In this lab you will first learn the following code snippet which is a simple web spider class that allows you to scrape paginated webpages. Read the code, run it, and make sure you understand how it works. In the challenges of this lab, we will guide you in building up this class so that eventually you will have a more robust web spider that you can further work on in the Web Scraping Project.

In [None]:
import requests
from bs4 import BeautifulSoup as bs

class IronhackSpider:
    """
    This is the constructor class to which you can pass a bunch of parameters. 
    These parameters are stored to the class instance variables so that the
    class functions can access them later.
    
    url_pattern: the regex pattern of the web urls to scape
    pages_to_scrape: how many pages to scrape
    sleep_interval: the time interval in seconds to delay between requests. If <0, requests will not be delayed.
    content_parser: a function reference that will extract the intended info from the scraped content.
    """
    def __init__(self, url_pattern, pages_to_scrape=10, sleep_interval=-1, content_parser=None):
        self.url_pattern = url_pattern
        self.pages_to_scrape = pages_to_scrape
        self.sleep_interval = sleep_interval
        self.content_parser = content_parser
    
    """
    Scrape the content of a single url.
    """
    def scrape_url(self, url):
        response = requests.get(url)
        result = self.content_parser(response.content)
        self.output_results(result)
    
    """
    Export the scraped content. Right now it simply print out the results.
    But in the future you can export the results into a text file or database.
    """
    def output_results(self, r):
        print(r)
    
    """
    After the class is instantiated, call this function to start the scraping jobs.
    This function uses a FOR loop to call `scrape_url()` for each url to scrape.
    """
    def kickstart(self):
        for i in range(1, self.pages_to_scrape+1):
            self.scrape_url(self.url_pattern % i)

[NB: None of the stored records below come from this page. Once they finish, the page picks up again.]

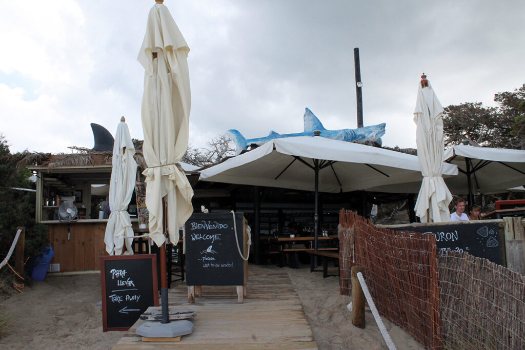 Según empezamos a caminar nos encontramos con el chiringuito “Sa Segui”, seguido de “El Tiburón”, y mas allá el magnífico restaurante “El Molí de Sal”. Y ya casi al final de la manga el restaurante de Juan y Andrea en el que podemos disfrutar de un delicioso arroz entre fina arena y palmeras.
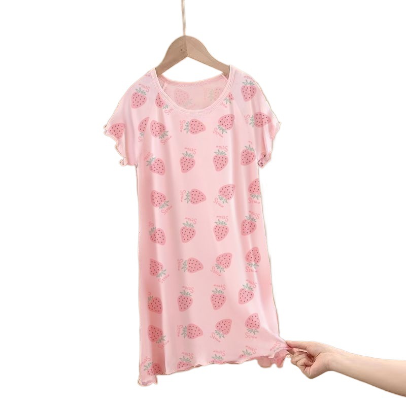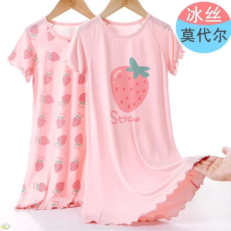 | nameOriginal | Girls' Nightgown Ice Silk Modal Princess Style Summer Thin Pajamas for Large Children 12 Short Sleeve Children 10 Home Clothes |
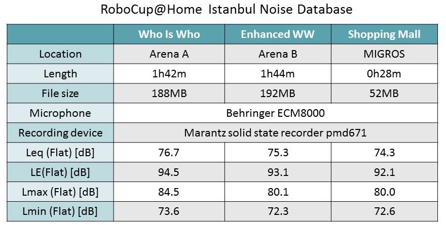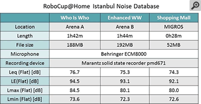 These databases can be used for testing your robot's speech recognition system. Play these files at 75dB (very noisy) and you can simulate noise conditions at typical RoboCup@Home environments.

URL_PATTERN = 'http://quotes.toscrape.com/page/%s/' # regex pattern for the urls to scrape
PAGES_TO_SCRAPE = 1 # how many webpages to scrape

"""
This is a custom parser function you will complete in the challenge.
Right now it simply returns the string passed to it. But in this lab
you will complete this function so that it extracts the quotes.
This function will be passed to the IronhackSpider class.
"""
def quotes_parser(content):
    return content

# Instantiate the IronhackSpider class
my_spider = IronhackSpider(URL_PATTERN, PAGES_TO_SCRAPE, content_parser=quotes_parser)

# Start scraping jobs
my_spider.kickstart()

## Challenge 1 - Custom Parser Function

In this challenge, complete the custom `quotes_parser()` function so that the returned result contains the quote string instead of the whole html page content.

In the cell below, write your updated `quotes_parser()` function and kickstart the spider. Make sure the results being printed contain a list of quote strings extracted from the html content.

In [None]:
# # your code here
def quotes_parser1(content):
    soup = bs(content, 'html.parser')
    # print(type(soup))
    
    body = soup.find_all("span", class_ = 'text')
    results = []
    for b in body:
        results.append(b.text)
    return('\n'.join(results))

In [None]:
my_spider = IronhackSpider(URL_PATTERN, PAGES_TO_SCRAPE, content_parser=quotes_parser1)
my_spider.kickstart()

## Challenge 2 - Error Handling

In `IronhackSpider.scrape_url()`, catch any error that might occur when you make requests to scrape the webpage. This includes checking the response status code and catching http request errors such as timeout, SSL, and too many redirects.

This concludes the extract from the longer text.